→ **Goal of the exercise**: Quote only the span from the first line of the entries to the line containing "hey 豆芽哥 豆芽哥 |", both ends kept. Leave every picture out.

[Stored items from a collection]
:::::
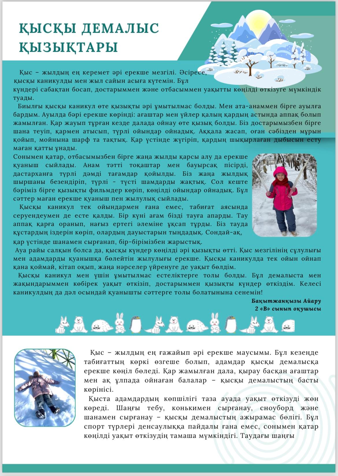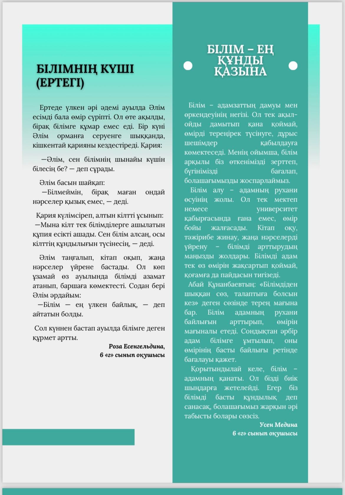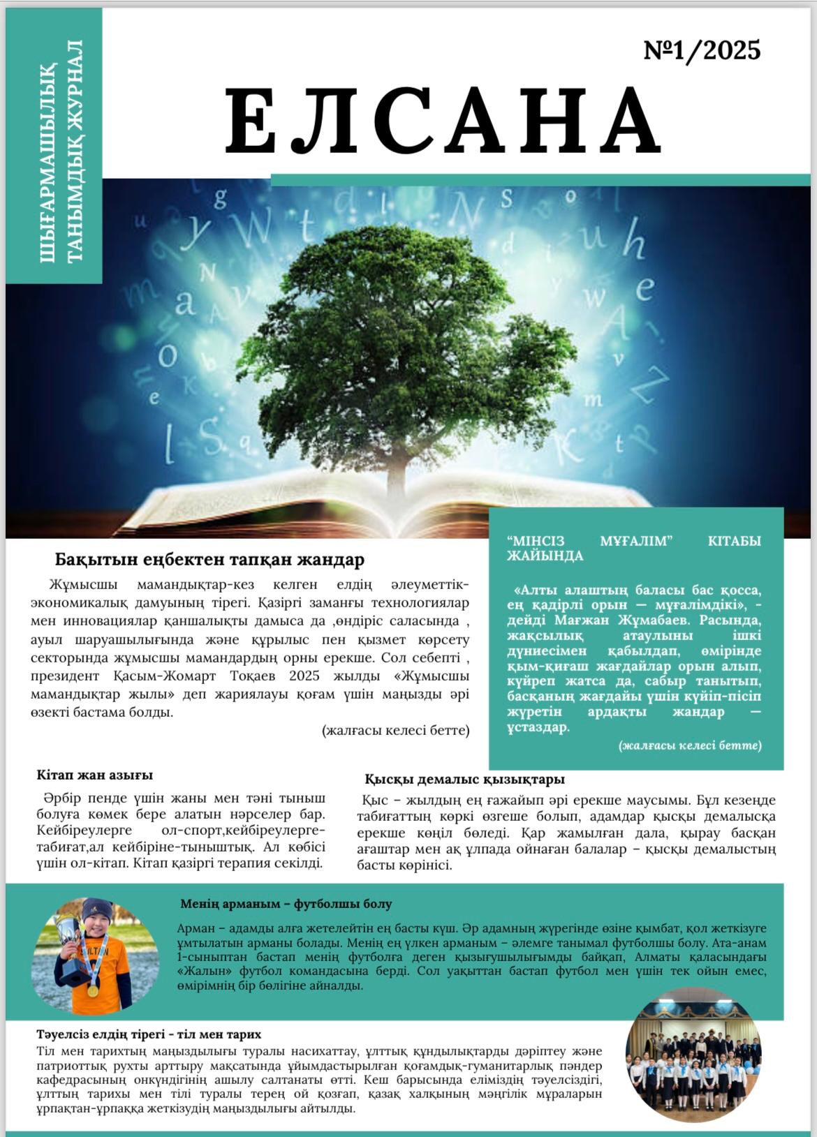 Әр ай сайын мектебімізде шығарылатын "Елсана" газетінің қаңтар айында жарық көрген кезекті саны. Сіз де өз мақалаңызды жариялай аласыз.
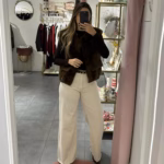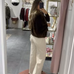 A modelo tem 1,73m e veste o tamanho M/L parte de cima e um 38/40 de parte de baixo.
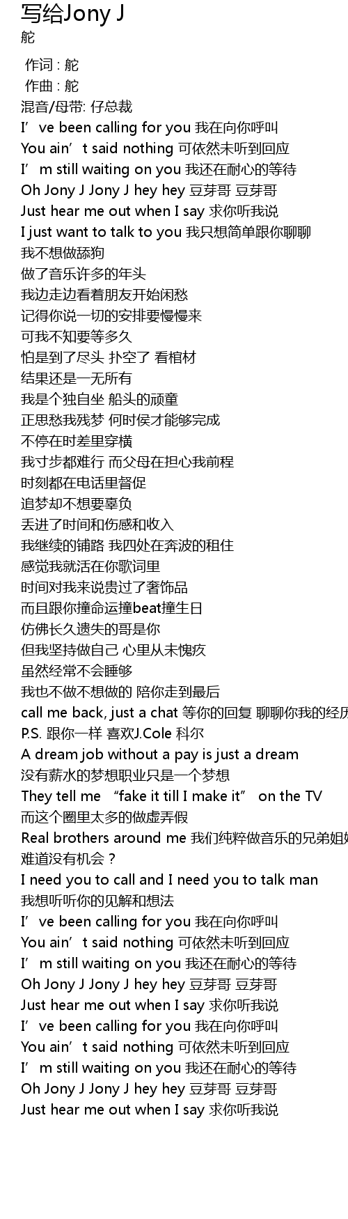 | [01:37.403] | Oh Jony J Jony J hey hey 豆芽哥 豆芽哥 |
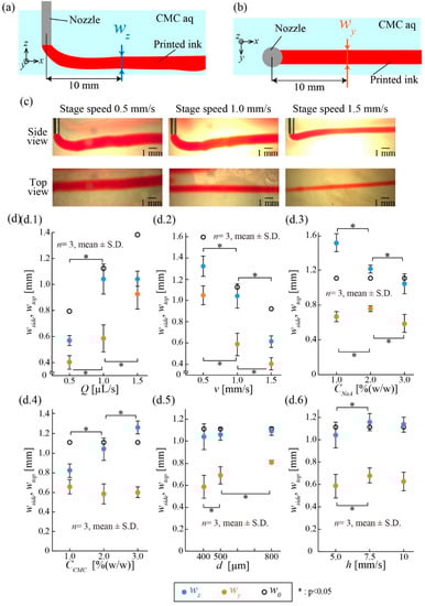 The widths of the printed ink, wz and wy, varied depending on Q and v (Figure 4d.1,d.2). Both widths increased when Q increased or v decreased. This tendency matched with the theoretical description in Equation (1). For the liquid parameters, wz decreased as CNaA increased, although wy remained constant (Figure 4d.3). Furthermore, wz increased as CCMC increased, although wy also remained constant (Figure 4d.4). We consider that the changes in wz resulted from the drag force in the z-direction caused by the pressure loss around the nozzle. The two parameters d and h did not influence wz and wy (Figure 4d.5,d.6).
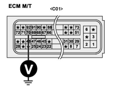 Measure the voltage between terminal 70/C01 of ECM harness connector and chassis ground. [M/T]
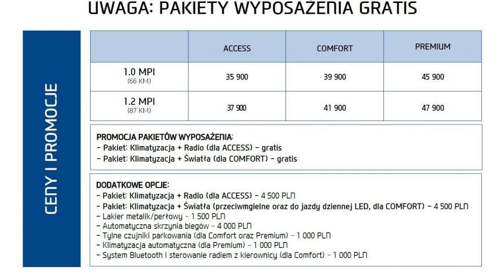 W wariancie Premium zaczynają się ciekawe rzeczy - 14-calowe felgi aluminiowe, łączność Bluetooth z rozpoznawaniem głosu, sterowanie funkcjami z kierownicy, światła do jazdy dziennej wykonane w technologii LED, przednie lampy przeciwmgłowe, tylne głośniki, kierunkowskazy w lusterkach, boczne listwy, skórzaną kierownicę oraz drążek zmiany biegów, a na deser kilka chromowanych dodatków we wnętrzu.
:::::
→ **Answer to the exercise**:
 Әр ай сайын мектебімізде шығарылатын "Елсана" газетінің қаңтар айында жарық көрген кезекті саны. Сіз де өз мақалаңызды жариялай аласыз.
 A modelo tem 1,73m e veste o tamanho M/L parte de cima e um 38/40 de parte de baixo.
 | [01:37.403] | Oh Jony J Jony J hey hey 豆芽哥 豆芽哥 |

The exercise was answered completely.